I am using ray==0.8.7
My code is a bit complex but I was able to reproduce it in here
I tried to reproduce it with a simple example here, inspired from the documentation:
import time
import ray
from ray import tune
from ray.util.multiprocessing import Pool
def evaluation_fn(step, width, height):
time.sleep(0.1)
return (0.1 + width * step / 100)**(-1) + height * 0.1
def easy_objective(config):
width, height = config["width"], config["height"]
for step in range(config["steps"]):
intermediate_score = evaluation_fn(step, width, height)
tune.report(iterations=step, mean_loss=intermediate_score)
def run_example(num_samples):
print(f"cluster resources {ray.cluster_resources()}")
print(f"cluster available resources {ray.available_resources()}")
_ = tune.run(
easy_objective,
num_samples=num_samples,
config={
"steps": 5,
"width": tune.uniform(0, 20),
"height": tune.uniform(-100, 100),
"activation": tune.grid_search(["relu", "tanh"])
})
def main():
start = time.time()
pool = Pool()
for result in pool.map(run_example, [5, 6]):
print(result)
end = time.time()
delta = end - start
print(f'Took {delta:.3f} seconds')
if __name__ == '__main__':
main()
It seems to me that it’s able to recognize the 8 cores I have, but they all get busy and the run doesn’t start.
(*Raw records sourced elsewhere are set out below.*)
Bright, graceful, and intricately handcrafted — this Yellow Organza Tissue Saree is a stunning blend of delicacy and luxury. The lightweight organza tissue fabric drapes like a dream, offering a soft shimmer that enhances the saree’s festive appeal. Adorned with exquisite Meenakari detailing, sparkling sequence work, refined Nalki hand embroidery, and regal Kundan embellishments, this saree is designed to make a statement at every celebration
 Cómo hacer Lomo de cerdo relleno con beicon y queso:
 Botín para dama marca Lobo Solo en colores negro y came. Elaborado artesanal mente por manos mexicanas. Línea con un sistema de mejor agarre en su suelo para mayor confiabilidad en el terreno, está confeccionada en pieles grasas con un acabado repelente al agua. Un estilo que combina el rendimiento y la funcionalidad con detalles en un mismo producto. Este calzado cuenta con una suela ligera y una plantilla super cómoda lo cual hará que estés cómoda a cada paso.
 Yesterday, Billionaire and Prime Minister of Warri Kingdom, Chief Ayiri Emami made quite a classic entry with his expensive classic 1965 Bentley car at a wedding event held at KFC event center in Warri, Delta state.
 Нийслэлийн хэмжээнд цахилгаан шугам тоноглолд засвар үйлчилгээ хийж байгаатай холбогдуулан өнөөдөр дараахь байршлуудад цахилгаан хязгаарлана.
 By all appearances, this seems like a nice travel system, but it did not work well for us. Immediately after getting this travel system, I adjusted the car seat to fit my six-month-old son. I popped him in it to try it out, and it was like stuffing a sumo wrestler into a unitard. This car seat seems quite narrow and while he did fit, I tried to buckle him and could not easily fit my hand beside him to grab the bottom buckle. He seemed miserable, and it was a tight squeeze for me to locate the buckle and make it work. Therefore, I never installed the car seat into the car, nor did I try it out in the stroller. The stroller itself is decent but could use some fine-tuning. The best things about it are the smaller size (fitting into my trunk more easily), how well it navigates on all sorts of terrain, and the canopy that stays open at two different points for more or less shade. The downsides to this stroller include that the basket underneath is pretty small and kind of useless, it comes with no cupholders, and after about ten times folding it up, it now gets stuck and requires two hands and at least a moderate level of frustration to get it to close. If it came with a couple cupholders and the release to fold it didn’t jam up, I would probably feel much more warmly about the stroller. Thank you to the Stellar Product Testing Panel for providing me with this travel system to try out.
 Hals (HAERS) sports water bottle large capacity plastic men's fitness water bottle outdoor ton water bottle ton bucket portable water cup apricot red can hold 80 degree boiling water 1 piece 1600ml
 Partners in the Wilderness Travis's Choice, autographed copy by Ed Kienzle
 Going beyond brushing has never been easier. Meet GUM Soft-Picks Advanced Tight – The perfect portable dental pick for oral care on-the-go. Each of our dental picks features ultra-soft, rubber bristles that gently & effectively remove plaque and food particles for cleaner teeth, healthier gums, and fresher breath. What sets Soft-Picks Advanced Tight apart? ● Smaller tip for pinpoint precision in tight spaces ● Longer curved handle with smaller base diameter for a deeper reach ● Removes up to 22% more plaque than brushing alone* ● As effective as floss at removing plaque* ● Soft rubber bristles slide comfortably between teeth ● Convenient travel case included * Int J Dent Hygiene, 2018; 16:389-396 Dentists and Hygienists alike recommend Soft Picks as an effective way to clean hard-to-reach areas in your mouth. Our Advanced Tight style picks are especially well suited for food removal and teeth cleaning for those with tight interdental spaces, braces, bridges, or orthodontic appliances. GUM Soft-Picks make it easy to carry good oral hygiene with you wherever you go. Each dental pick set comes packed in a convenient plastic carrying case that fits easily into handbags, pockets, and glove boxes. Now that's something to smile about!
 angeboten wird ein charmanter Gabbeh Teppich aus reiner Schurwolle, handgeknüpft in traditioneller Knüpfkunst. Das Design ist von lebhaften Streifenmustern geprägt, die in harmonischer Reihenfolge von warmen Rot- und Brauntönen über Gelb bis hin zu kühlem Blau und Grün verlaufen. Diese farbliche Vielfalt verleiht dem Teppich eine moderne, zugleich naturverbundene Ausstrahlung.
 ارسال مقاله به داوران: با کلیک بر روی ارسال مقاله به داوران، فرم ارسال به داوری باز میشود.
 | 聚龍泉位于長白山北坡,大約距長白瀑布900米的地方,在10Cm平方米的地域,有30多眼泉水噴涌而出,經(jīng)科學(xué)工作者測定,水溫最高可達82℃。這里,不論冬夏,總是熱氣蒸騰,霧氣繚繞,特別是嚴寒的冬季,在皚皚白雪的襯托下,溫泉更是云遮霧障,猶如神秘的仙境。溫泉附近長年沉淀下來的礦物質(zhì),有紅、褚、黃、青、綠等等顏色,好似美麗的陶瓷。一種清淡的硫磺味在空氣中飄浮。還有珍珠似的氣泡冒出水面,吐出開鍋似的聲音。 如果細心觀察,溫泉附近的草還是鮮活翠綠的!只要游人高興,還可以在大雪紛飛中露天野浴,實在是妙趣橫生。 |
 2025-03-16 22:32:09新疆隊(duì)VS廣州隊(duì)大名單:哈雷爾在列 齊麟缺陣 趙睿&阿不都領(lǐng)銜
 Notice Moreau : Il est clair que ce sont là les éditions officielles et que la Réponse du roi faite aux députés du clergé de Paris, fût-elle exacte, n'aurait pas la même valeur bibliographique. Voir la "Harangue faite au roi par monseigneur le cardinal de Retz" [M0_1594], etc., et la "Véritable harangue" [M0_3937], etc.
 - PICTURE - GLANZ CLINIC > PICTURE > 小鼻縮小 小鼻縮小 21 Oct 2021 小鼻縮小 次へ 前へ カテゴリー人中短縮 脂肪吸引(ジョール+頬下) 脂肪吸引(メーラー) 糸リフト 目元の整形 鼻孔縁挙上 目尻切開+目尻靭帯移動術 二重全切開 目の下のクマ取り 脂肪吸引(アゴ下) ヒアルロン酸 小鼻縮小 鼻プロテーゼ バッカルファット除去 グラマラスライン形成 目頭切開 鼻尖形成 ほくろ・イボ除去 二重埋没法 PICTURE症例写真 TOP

Here is a sample of the output:
(pid=3675) cluster resources {'object_store_memory': 32.0, 'memory': 93.0, 'node:192.168.0.81': 1.0, 'CPU': 8.0}
(pid=3675) cluster available resources {'node:192.168.0.81': 1.0, 'object_store_memory': 32.0, 'memory': 93.0}
....
2021-03-09 17:58:21,740 WARNING worker.py:1134 -- The actor or task with ID X is pending and cannot currently be scheduled. It requires {CPU: 1.000000} for execution and {CPU: 1.000000} for placement, but this node only has remaining {node:192.168.0.81: 1.000000}, {memory: 4.541016 GiB}, {object_store_memory: 1.562500 GiB}. In total there are 0 pending tasks and 16 pending actors on this node. This is likely due to all cluster resources being claimed by actors. To resolve the issue, consider creating fewer actors or increase the resources available to this Ray cluster. You can ignore this message if this Ray cluster is expected to auto-scale.
It worked fine when I used python multiprocessing Pool but I was wondering if you had an idea of why this happens with Ray?
Thanks!